Im Wesentlichen sind dies zwei Wege. Der Gastrointestinaltrakt (GIT) und das Gehirn sind über den Nervus vagus miteinander verknüpft. Dieser zieht durch den halben Körper und bringt viele Fasern aus dem Magen-Darm-Trakt mit. Im Hirnstamm werden Hirnnervenkerne aktiviert, die einerseits den GIT regulieren, andererseits aber mit Hirnregionen zusammenarbeiten, die für Emotionen, Erfahrungen oder auch Stress zuständig sind. Genauso werden Stimuli aus diesen Gehirnregionen an den GIT zurückgemeldet.
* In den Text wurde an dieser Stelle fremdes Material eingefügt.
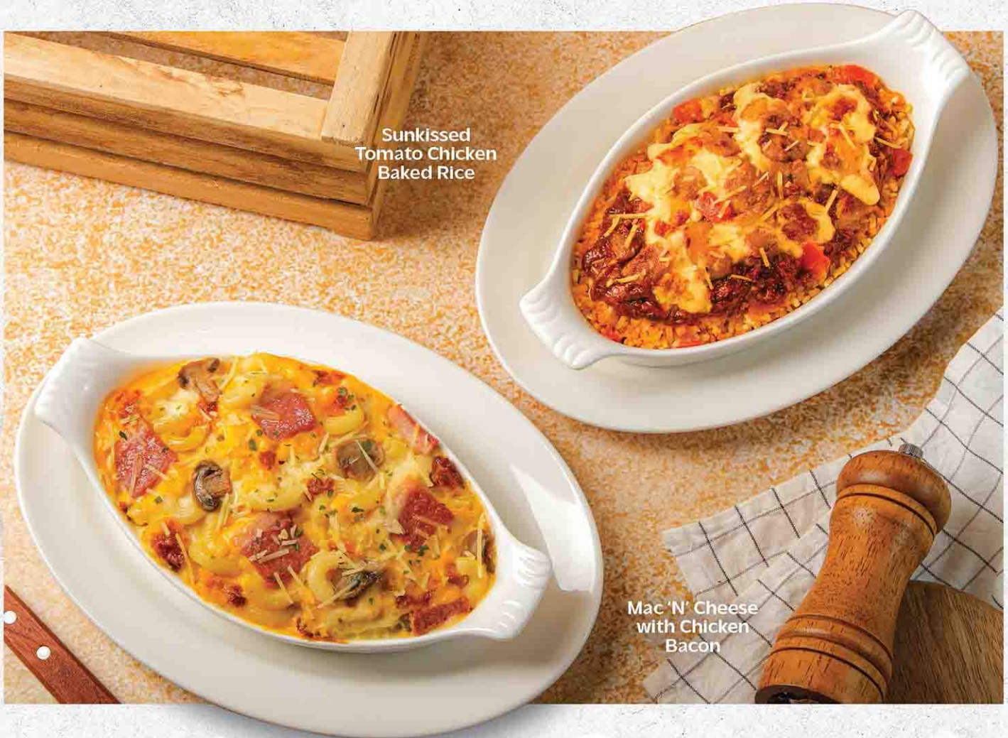
Sunkissed Tomato Chicken Baked Rice
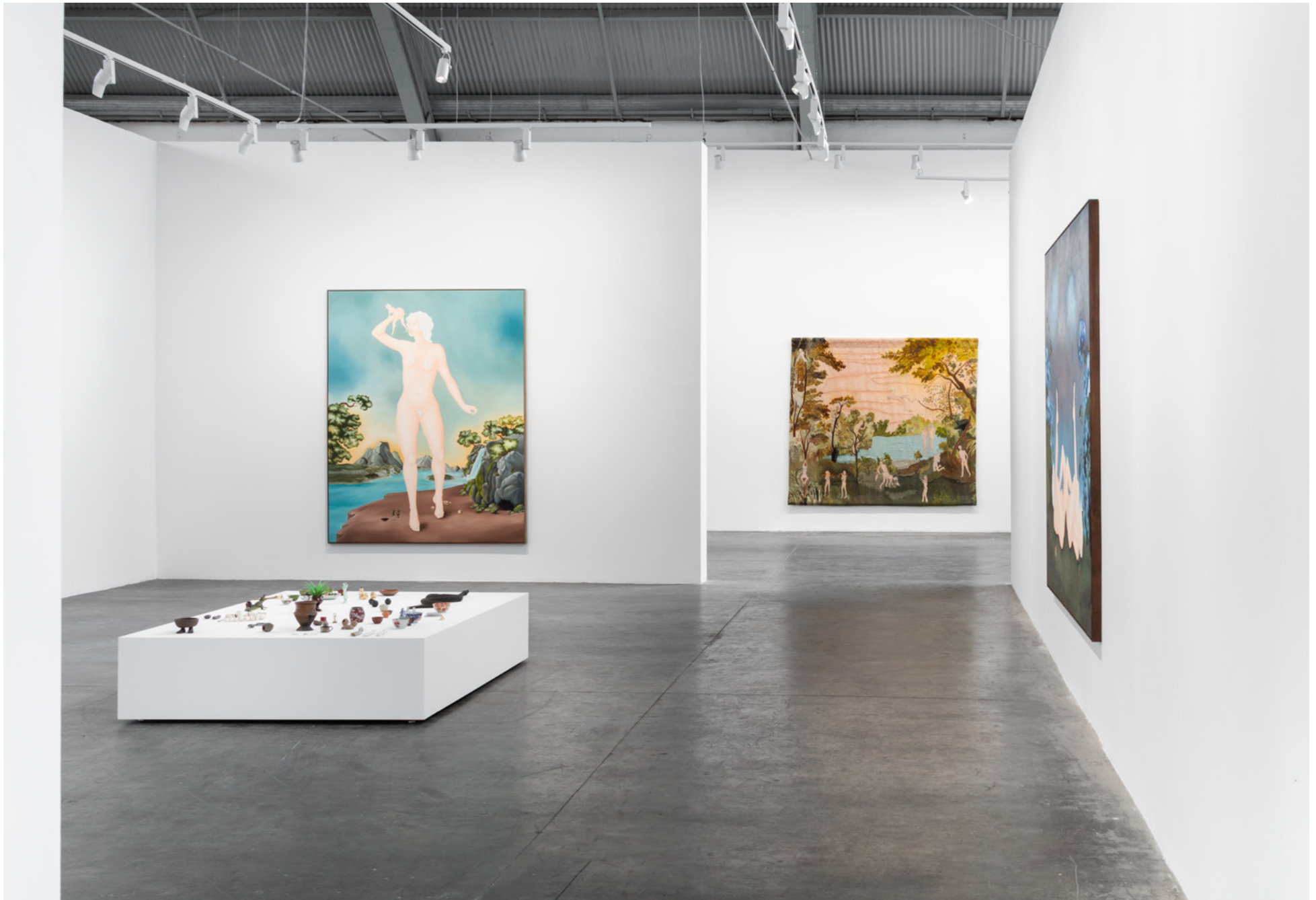
In my dreams, I kill him every night , Mendes Wood DM, São Paulo, 2022

Ein zweiter Weg des Austausches zwischen Darm und Gehirn beruht auf der Tätigkeit des Mikrobioms. Das Mikrobiom verstoffwechselt Nährstoffe zu „Botenstoffen“ (z. B. g-Amino-Buttersäure, GABA), die einerseits vor Ort Nervenfasern erregen, andererseits aber auch in die Blutbahn abgegeben werden können. Über die Blutbahn können verschiedene Organe erreicht und angesprochen werden – auch das Gehirn.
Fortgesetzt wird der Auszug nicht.